- Requirement:
Output the data word for word, dropping every image.

Stored records:
[Start of section]
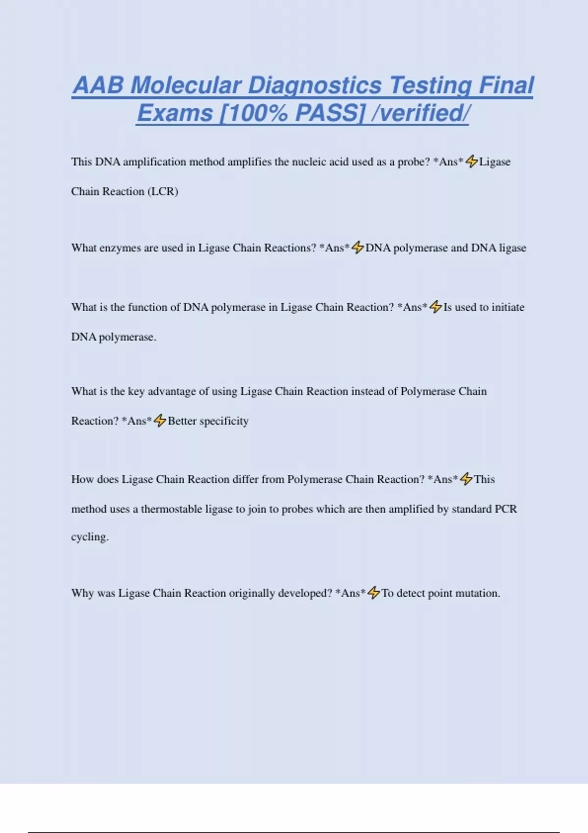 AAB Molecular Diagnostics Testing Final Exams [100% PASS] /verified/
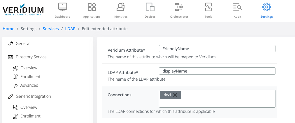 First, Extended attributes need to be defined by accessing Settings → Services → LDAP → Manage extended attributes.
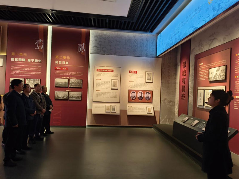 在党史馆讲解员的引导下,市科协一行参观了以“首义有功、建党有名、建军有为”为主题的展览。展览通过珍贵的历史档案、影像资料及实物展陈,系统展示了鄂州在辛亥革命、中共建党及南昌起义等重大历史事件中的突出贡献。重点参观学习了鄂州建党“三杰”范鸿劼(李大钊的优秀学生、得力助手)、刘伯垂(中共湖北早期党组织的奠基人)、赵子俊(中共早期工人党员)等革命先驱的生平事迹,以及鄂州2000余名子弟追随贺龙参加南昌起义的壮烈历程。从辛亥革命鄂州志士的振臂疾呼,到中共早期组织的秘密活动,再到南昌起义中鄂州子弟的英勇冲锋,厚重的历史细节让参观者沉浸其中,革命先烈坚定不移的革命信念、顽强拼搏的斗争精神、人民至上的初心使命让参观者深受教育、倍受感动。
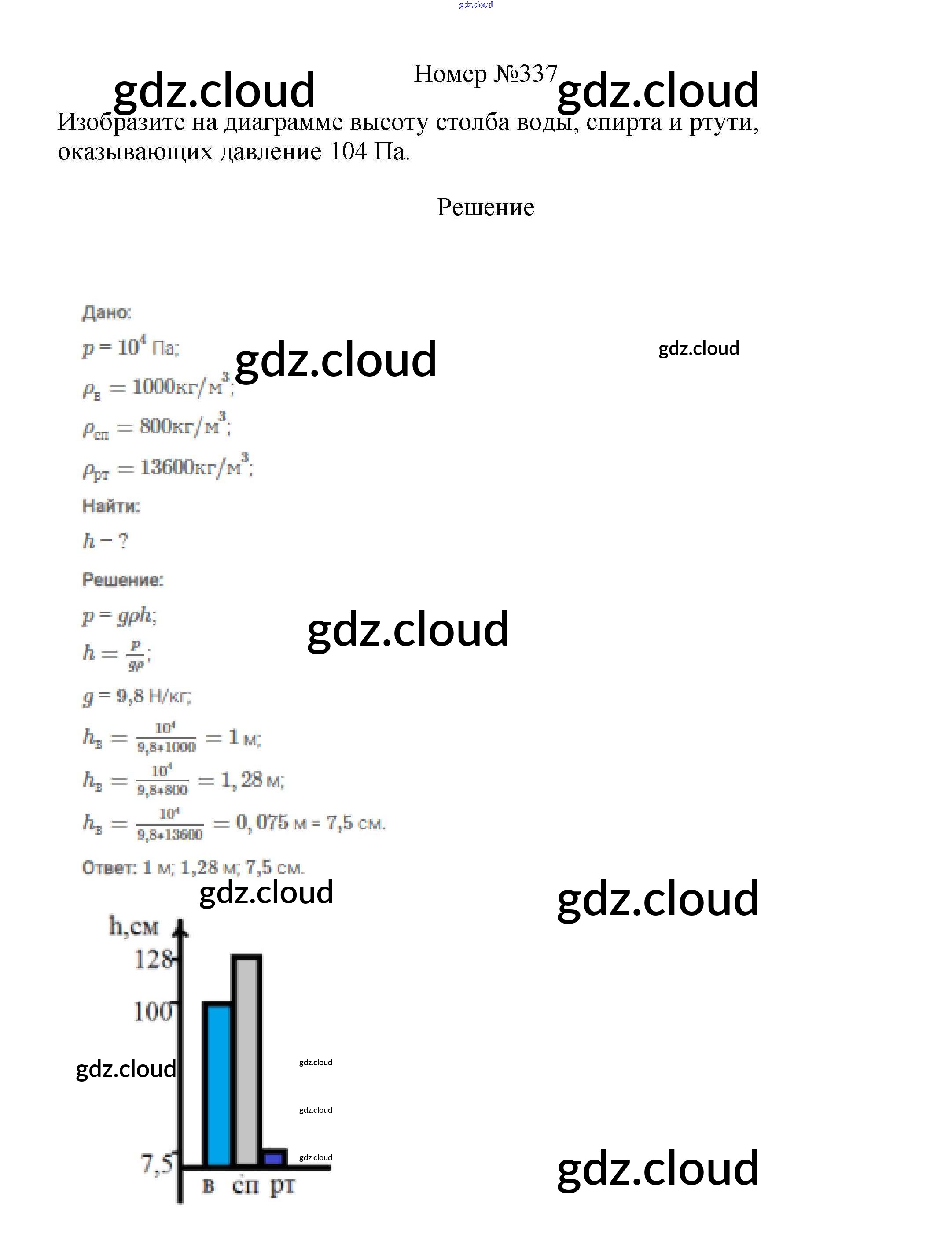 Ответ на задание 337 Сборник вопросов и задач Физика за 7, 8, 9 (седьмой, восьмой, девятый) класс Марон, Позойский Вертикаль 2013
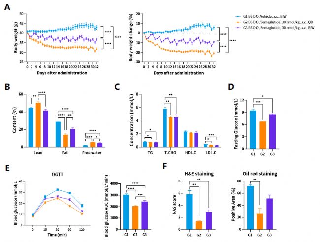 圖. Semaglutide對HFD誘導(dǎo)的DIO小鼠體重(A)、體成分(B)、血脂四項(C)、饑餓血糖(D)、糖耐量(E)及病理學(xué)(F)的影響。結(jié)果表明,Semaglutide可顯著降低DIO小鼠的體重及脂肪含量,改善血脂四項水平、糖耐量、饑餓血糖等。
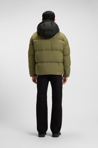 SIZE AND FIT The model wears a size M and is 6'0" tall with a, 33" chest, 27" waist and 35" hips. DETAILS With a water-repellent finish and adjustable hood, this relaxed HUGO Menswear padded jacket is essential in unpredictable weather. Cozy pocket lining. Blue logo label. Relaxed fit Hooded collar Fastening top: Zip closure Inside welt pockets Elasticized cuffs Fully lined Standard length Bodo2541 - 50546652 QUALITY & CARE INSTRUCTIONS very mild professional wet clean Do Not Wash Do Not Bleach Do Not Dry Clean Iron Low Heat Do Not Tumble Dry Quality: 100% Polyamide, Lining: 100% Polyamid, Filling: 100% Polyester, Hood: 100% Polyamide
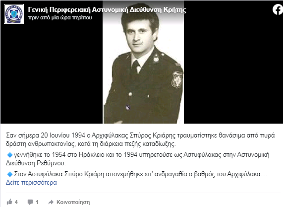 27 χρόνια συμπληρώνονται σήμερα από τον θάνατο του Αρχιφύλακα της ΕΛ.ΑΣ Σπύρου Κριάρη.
[End of section]
- Response box:
 AAB Molecular Diagnostics Testing Final Exams [100% PASS] /verified/
 First, Extended attributes need to be defined by accessing Settings → Services → LDAP → Manage extended attributes.
 在党史馆讲解员的引导下,市科协一行参观了以“首义有功、建党有名、建军有为”为主题的展览。展览通过珍贵的历史档案、影像资料及实物展陈,系统展示了鄂州在辛亥革命、中共建党及南昌起义等重大历史事件中的突出贡献。重点参观学习了鄂州建党“三杰”范鸿劼(李大钊的优秀学生、得力助手)、刘伯垂(中共湖北早期党组织的奠基人)、赵子俊(中共早期工人党员)等革命先驱的生平事迹,以及鄂州2000余名子弟追随贺龙参加南昌起义的壮烈历程。从辛亥革命鄂州志士的振臂疾呼,到中共早期组织的秘密活动,再到南昌起义中鄂州子弟的英勇冲锋,厚重的历史细节让参观者沉浸其中,革命先烈坚定不移的革命信念、顽强拼搏的斗争精神、人民至上的初心使命让参观者深受教育、倍受感动。
 Ответ на задание 337 Сборник вопросов и задач Физика за 7, 8, 9 (седьмой, восьмой, девятый) класс Марон, Позойский Вертикаль 2013
 圖. Semaglutide對HFD誘導(dǎo)的DIO小鼠體重(A)、體成分(B)、血脂四項(C)、饑餓血糖(D)、糖耐量(E)及病理學(xué)(F)的影響。結(jié)果表明,Semaglutide可顯著降低DIO小鼠的體重及脂肪含量,改善血脂四項水平、糖耐量、饑餓血糖等。
 SIZE AND FIT The model wears a size M and is 6'0" tall with a, 33" chest, 27" waist and 35" hips. DETAILS With a water-repellent finish and adjustable hood, this relaxed HUGO Menswear padded jacket is essential in unpredictable weather. Cozy pocket lining. Blue logo label. Relaxed fit Hooded collar Fastening top: Zip closure Inside welt pockets Elasticized cuffs Fully lined Standard length Bodo2541 - 50546652 QUALITY & CARE INSTRUCTIONS very mild professional wet clean Do Not Wash Do Not Bleach Do Not Dry Clean Iron Low Heat Do Not Tumble Dry Quality: 100% Polyamide, Lining: 100% Polyamid, Filling: 100% Polyester, Hood: 100% Polyamide
 27 χρόνια συμπληρώνονται σήμερα από τον θάνατο του Αρχιφύλακα της ΕΛ.ΑΣ Σπύρου Κριάρη.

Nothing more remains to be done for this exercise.